[DATA Boundary: Start]

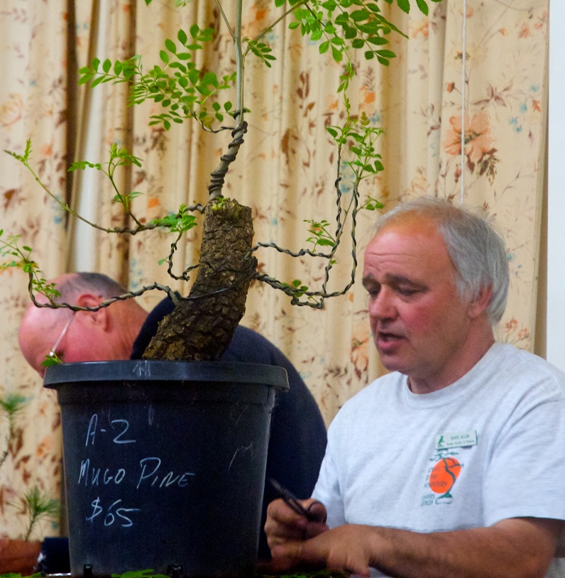 Members were treated to an entertaining and informative discussion about secondary and tertiary branch development in deciduous trees. David used several different trees to show how significant secondary branch growth could be achieved in as little as six weeks with judicious pruning. Add some wiring to create a foliage pad and you are well on your way to a new bonsai - see photos below.
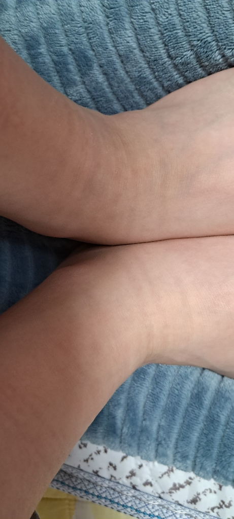 발등 쪽에 양말 자국 난 쪽은 좀 가렵길래 로션 발라 줬더니 낫더라구요
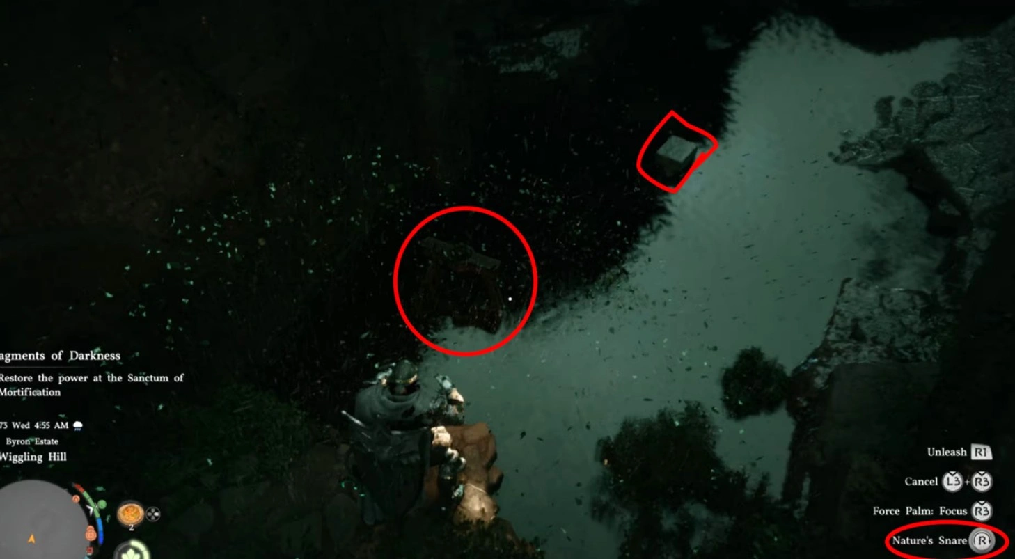 В Crimson Desert, в пределах руин на холме Уиглинг, спрятана загадка. Её разгадка требует наличия уникального умения — «Завеса ветра». Это умение позволяет поворачивать механизмы, которые, в свою очередь, осушают водоёмы. Камень Бездны, необходимый для начала, находится в местности Деменисс, юго-восточнее Багровой стены (на карте обозначена как The Crimson Wall).

[DATA Boundary: End]

WORK TASK >> Your task is to repeat the listing exactly while omitting its pictures.

THE COMPLETED TASK >>
 Members were treated to an entertaining and informative discussion about secondary and tertiary branch development in deciduous trees. David used several different trees to show how significant secondary branch growth could be achieved in as little as six weeks with judicious pruning. Add some wiring to create a foliage pad and you are well on your way to a new bonsai - see photos below.
 발등 쪽에 양말 자국 난 쪽은 좀 가렵길래 로션 발라 줬더니 낫더라구요
 В Crimson Desert, в пределах руин на холме Уиглинг, спрятана загадка. Её разгадка требует наличия уникального умения — «Завеса ветра». Это умение позволяет поворачивать механизмы, которые, в свою очередь, осушают водоёмы. Камень Бездны, необходимый для начала, находится в местности Деменисс, юго-восточнее Багровой стены (на карте обозначена как The Crimson Wall).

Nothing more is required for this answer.